Collection begins with 14 titles spanning the 1980s to the 2000s

Games welcomed into the MoMA

Video games have been recognised by the Museum of Modern Art, breaking another cultural barrier for the young medium.

The MoMA in New York has acquired 14 video games, the foundation for an initial wish list of about 40, which are to be acquired in the near future, as well as for a new category of artworks in MoMA’s collection. Some of the titles selected include Pac-Man, Myst, Portal, Tetris and Eve Online.

In its announcement, the museum said placed emphasis on design as a primary reason why games were worthy of inclusion. Behaviour, aesthetics, space and time were traits the museum weighted each work against.

“Are video games art? They sure are, but they are also design, and a design approach is what we chose for this new foray into this universe,” the news post by the MoMA reads. “The games are selected as outstanding examples of interaction design.

“Our criteria, therefore, emphasize not only the visual quality and aesthetic experience of each game, but also the many other aspects—from the elegance of the code to the design of the player’s behavior—that pertain to interaction design.

“In order to develop an even stronger curatorial stance, over the past year and a half we have sought the advice of scholars, digital conservation and legal experts, historians, and critics, all of whom helped us refine not only the criteria and the wish list, but also the issues of acquisition, display, and conservation of digital artifacts that are made even more complex by the games’ interactive nature. This acquisition allows the Museum to study, preserve, and exhibit video games as part of its Architecture and Design collection.”
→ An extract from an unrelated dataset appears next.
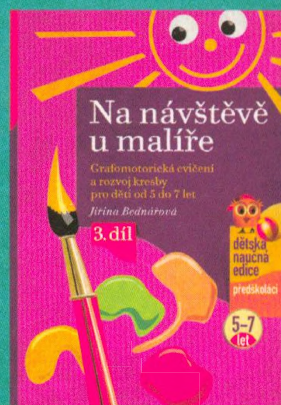
Jiřina Bednářová Na návštěvě u malíře
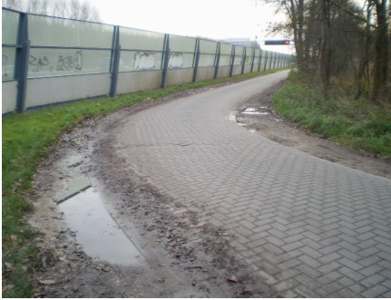
Gevaar! Fietspad bij A9 Locatie?

Commenting on Eve Online’s inclusion in the gallery, CCP CEO Hilmar Veigar Petursson said: “As we are poised to enter our second decade of growth and prosperity, it is an indescribable honour for us and for everyone who’s ever worked on Eve to even be considered alongside these fellow revolutionary games. We’re proud of our developers for envisioning and shaping Eve Online’s unique game universe and most humbly thankful to our players for bringing true substance to it.”

However, the debate about video games and art has long raged, and, naturally, some commentators have been less than enamoured by the museum’s decision to recognised games.

Guardian arts writer Jonathan Jones was firmly against the idea of games being art – and design wasn’t not a redeeming factor in his eyes: “Interactive immersive digital games are NOT art. Walk around the Museum of Modern Art, look at those masterpieces it holds by Picasso and Jackson Pollock, and what you are seeing is a series of personal visions.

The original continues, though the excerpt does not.